I took my wife out for our anniversary dinner last night and she kept saying she wanted to pay for the meal.
"Don't be stupid," I said, "we're halfway down the road now, just keep running".
My wife is so organised, I told her I wanted to be cremated, she's already booked an appointment for Monday.
A husband and wife are having major problems after 15 years of marriage, so they go to a counselor.
The counselor asks them what the problem is. The wife launches into a tirade, listing every problem they have ever had in the 15 years they've been married. She goes on and on and on.
Finally, the counselor gets up, walks around the desk, embraces the wife and kisses her very passionately. The woman shuts up and stares at him quietly in a daze, the husband is shocked seeing his wife speechless.
The counselor then turns to the husband and says, "Your wife is just lonely. That is what your wife needs at least three times a week. Can you do this?"
The husband thinks for a moment and replies, "Well, I can drop her off here on Mondays and Wednesdays, but Tuesdays I play poker, Thursdays I go bowling, and Fridays I go sailing. Do you work Saturdays?"
I’m the type of husband that helps his wife look for her missing chocolate
that I ate.
A Father put his 3year old daughter to bed, told her a story and listened to her prayers which ended by saying,
"God bless Mommy, God bless Daddy, God bless Grandma and good-bye Grandpa."
The father asked, 'Why did you say good-bye Grandpa?'
The little girl said, "I don't know daddy, it just seemed like the thing to do."
The next day grandpa died.
The father thought it was a strange coincidence.
A few months later the father put the girl to bed and listened to her prayers which went like this,
"God bless Mommy, God Bless Daddy and good-bye Grandma."
The next day the grandmother died.
"Holy crap" thought the father, "this kid is in contact with the other side."
Several weeks later when the girl was going to bed the dad heard her say, "God bless Mommy and good-bye Daddy."
He practically went into shock. He couldn't sleep all night and got up at the crack of dawn to go to his office.
He was nervous as a cat all day, had lunch and watched the clock.. He figured if he could get by until midnight he would be okay.
He felt safe in the office, so instead of going home at the end of the day he stayed there, drinking coffee, looking at his watch and jumping at every sound. Finally midnight arrived; he breathed a sigh of relief and went home.
When he got home his wife said,
"I've never seen you work so late. What's the matter?"

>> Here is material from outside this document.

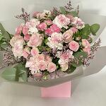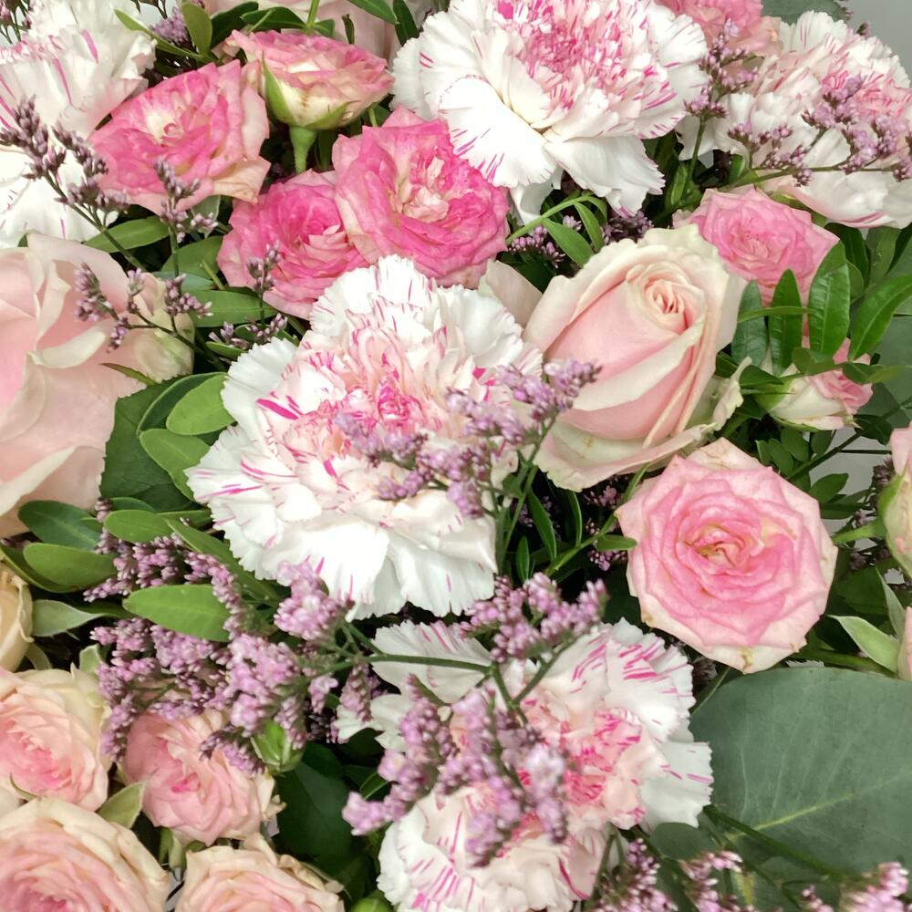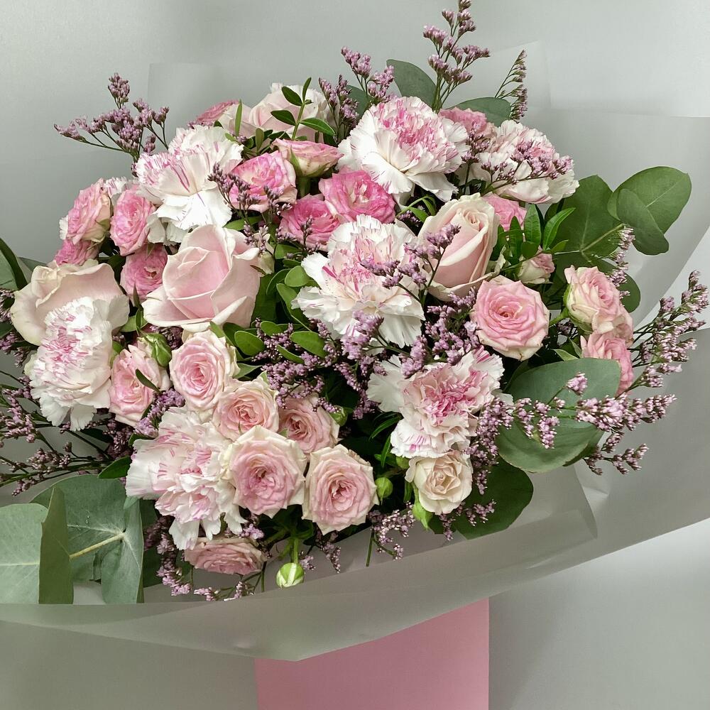 carnations - 9 шт. eucalyptus leaves - 5 шт. лимониум розовый - 3 шт. pink roses - 4 шт. розовые спрей-розы - 5 шт.

He said, "I don't want to talk about it, I've just spent the worst day of my life."
She said, "You think you had a bad day, you'll never believe what happened to me. This morning my boss died in the middle of a meeting.
I finally realised my parents favoured my twin sister when they asked me to blow up balloons for her surprise birthday party.
I saw my wife, slightly drunk, yelling at the TV: “Don’t go in there! Don’t go in the church, you moron."
She was watching our wedding video again.